Content starts
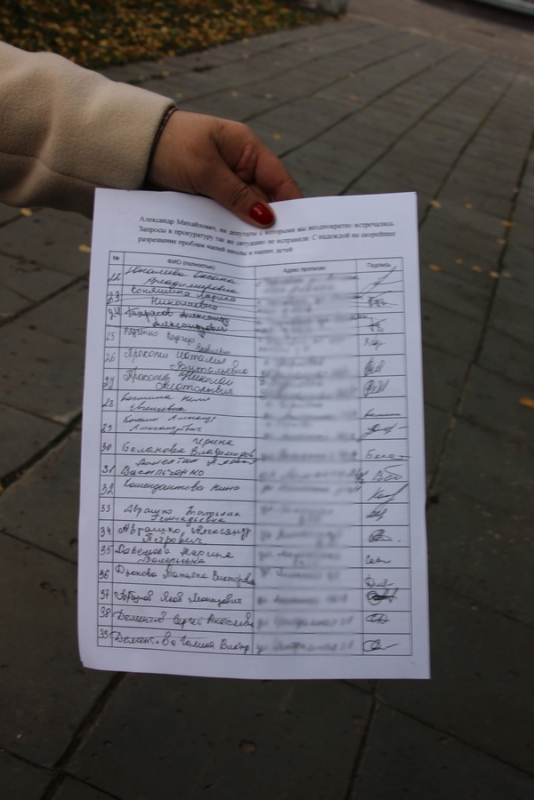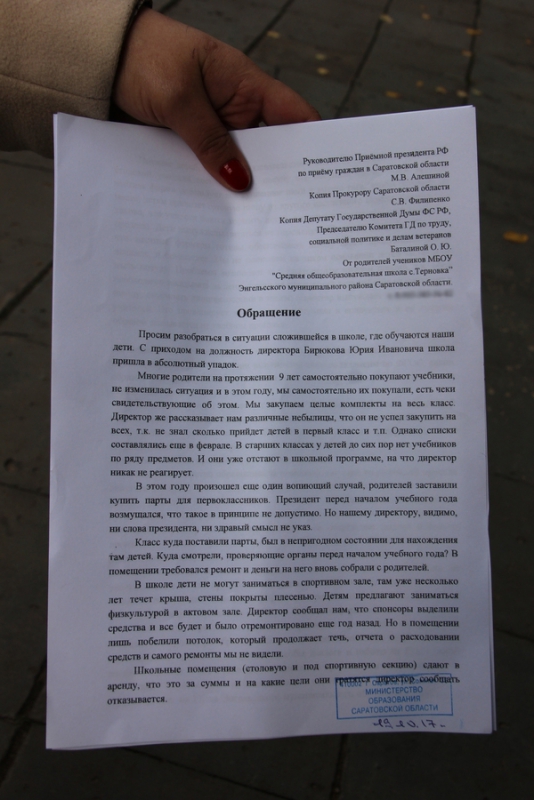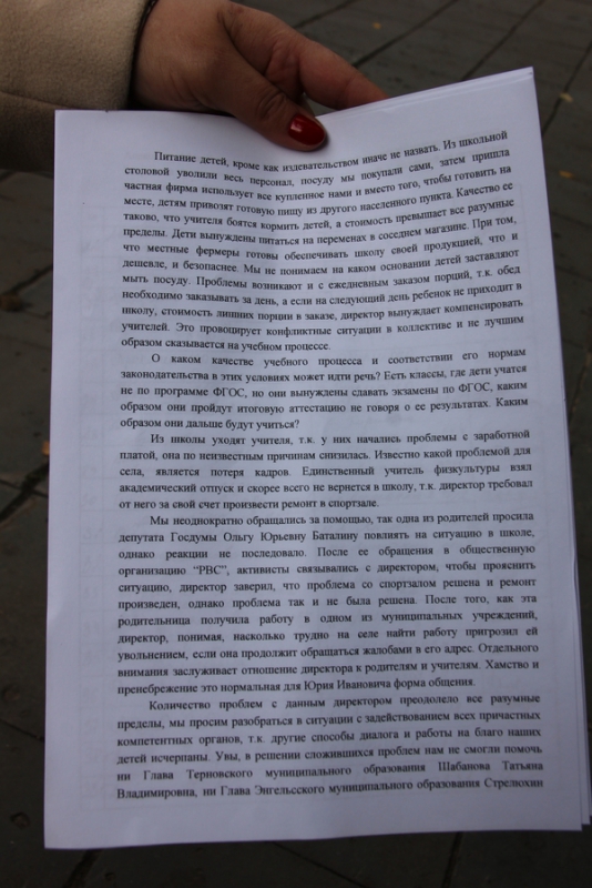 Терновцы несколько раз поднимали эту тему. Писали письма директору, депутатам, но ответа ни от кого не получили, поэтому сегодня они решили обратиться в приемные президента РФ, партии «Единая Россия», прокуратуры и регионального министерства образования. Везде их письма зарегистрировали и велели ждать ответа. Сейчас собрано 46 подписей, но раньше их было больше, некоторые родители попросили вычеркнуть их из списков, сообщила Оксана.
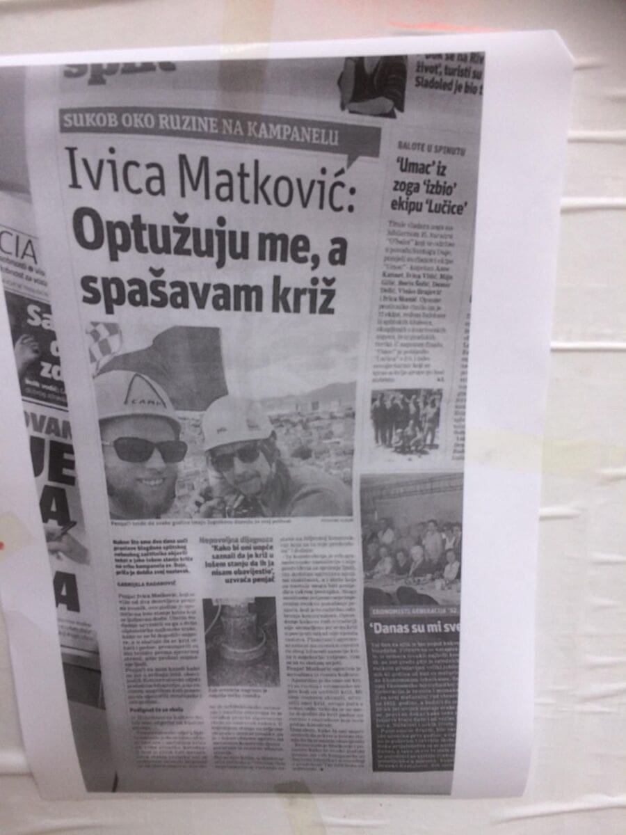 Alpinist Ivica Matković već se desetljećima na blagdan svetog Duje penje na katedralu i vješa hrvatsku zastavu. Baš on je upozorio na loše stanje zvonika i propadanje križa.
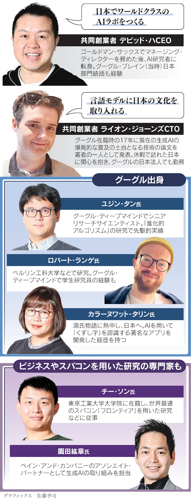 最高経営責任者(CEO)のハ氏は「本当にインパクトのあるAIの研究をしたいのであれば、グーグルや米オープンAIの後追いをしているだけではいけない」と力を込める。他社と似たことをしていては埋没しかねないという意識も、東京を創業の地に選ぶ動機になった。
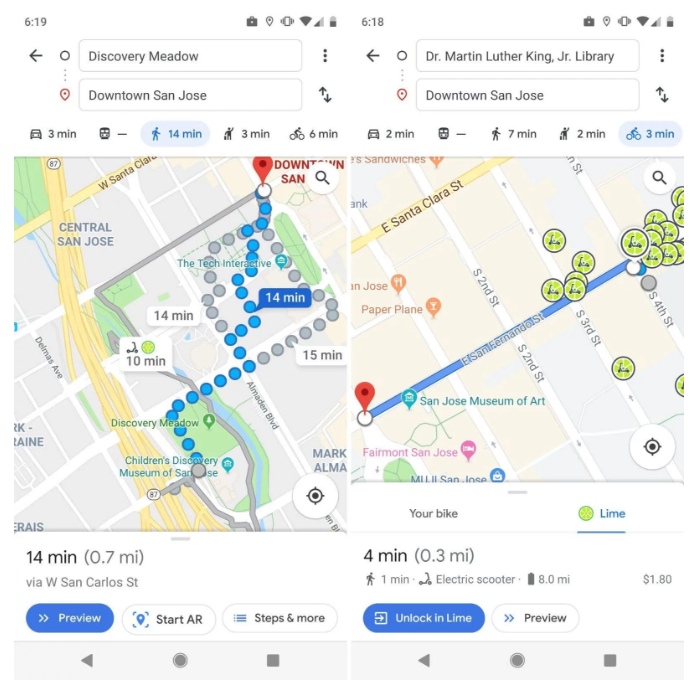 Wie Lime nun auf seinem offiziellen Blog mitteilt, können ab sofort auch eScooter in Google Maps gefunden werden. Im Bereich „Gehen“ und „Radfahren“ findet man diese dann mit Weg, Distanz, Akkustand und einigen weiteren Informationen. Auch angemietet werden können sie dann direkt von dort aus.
Content ends
Content starts
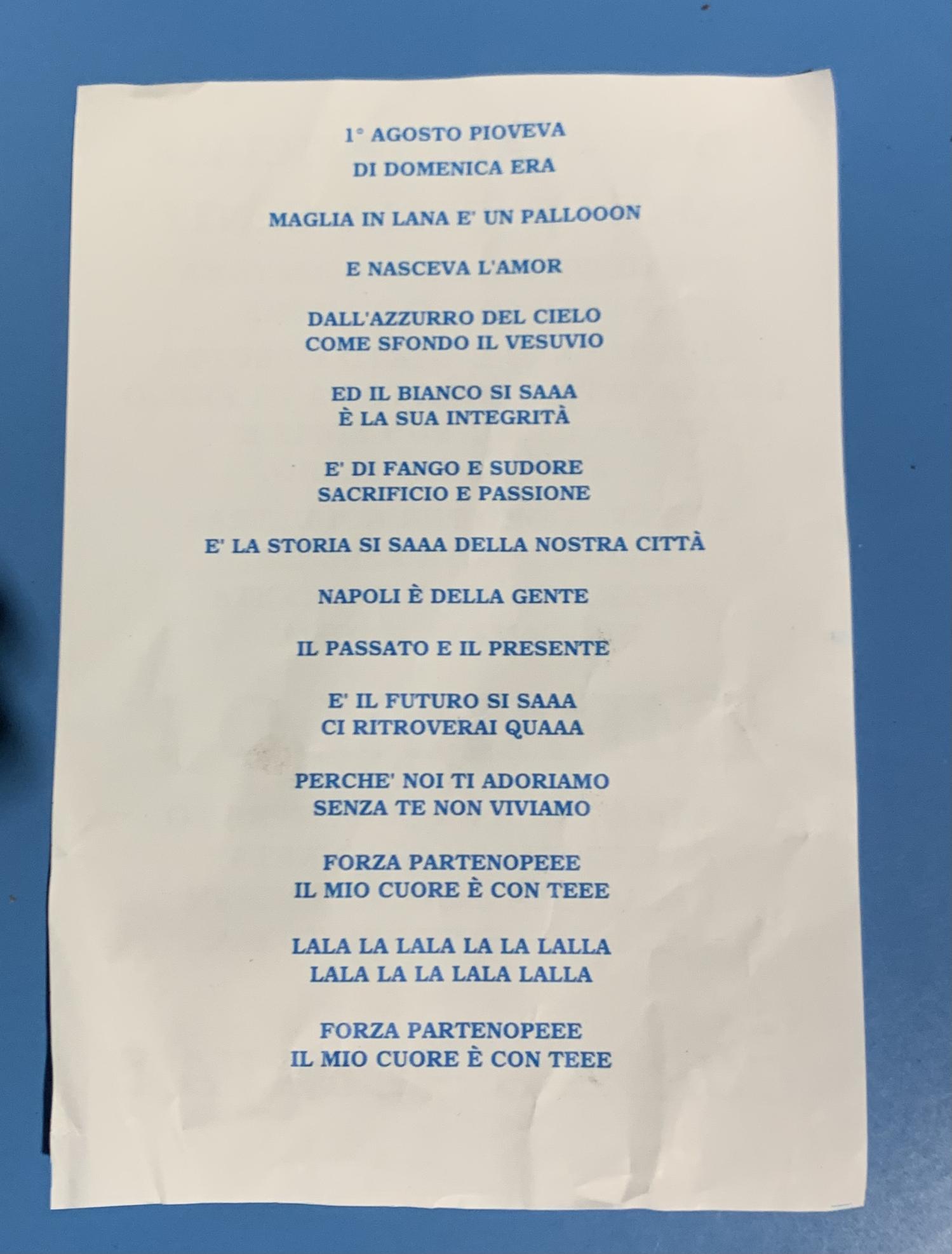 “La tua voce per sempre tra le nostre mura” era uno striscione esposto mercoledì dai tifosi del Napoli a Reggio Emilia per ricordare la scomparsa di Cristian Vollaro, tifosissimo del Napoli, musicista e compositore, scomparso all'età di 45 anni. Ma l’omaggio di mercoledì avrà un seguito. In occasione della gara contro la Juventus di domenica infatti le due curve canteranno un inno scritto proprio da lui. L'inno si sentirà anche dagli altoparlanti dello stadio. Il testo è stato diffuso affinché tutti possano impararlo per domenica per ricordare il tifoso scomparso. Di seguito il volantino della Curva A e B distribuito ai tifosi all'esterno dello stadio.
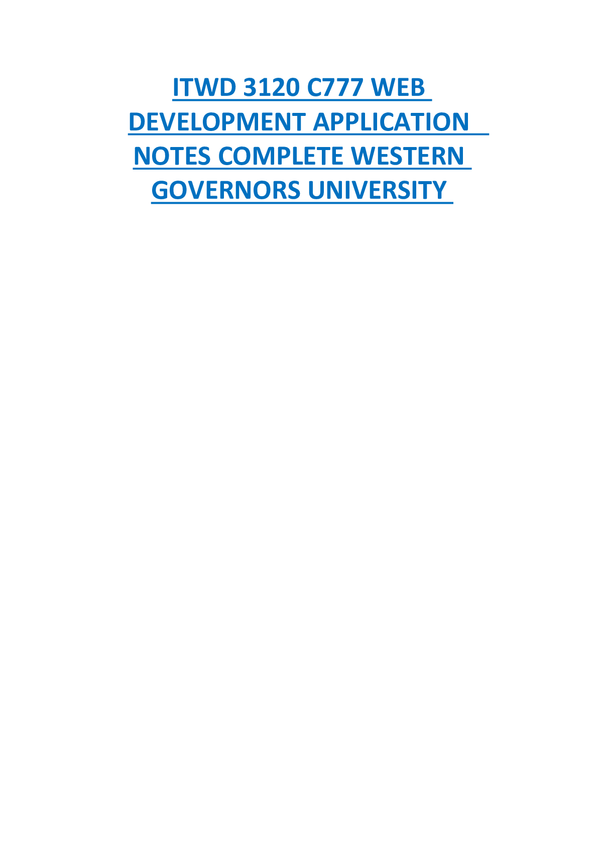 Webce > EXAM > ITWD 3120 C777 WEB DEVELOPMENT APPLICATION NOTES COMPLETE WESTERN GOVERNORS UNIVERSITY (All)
Content ends
* _Activity_: Out of the records above, please copy exactly the lines from the line with "Терновцы несколько раз" up to and including the line with "Wie Lime nun", minus the pictures.

* _Response to the exercise_:
 Терновцы несколько раз поднимали эту тему. Писали письма директору, депутатам, но ответа ни от кого не получили, поэтому сегодня они решили обратиться в приемные президента РФ, партии «Единая Россия», прокуратуры и регионального министерства образования. Везде их письма зарегистрировали и велели ждать ответа. Сейчас собрано 46 подписей, но раньше их было больше, некоторые родители попросили вычеркнуть их из списков, сообщила Оксана.
 Alpinist Ivica Matković već se desetljećima na blagdan svetog Duje penje na katedralu i vješa hrvatsku zastavu. Baš on je upozorio na loše stanje zvonika i propadanje križa.
 最高経営責任者(CEO)のハ氏は「本当にインパクトのあるAIの研究をしたいのであれば、グーグルや米オープンAIの後追いをしているだけではいけない」と力を込める。他社と似たことをしていては埋没しかねないという意識も、東京を創業の地に選ぶ動機になった。
 Wie Lime nun auf seinem offiziellen Blog mitteilt, können ab sofort auch eScooter in Google Maps gefunden werden. Im Bereich „Gehen“ und „Radfahren“ findet man diese dann mit Weg, Distanz, Akkustand und einigen weiteren Informationen. Auch angemietet werden können sie dann direkt von dort aus.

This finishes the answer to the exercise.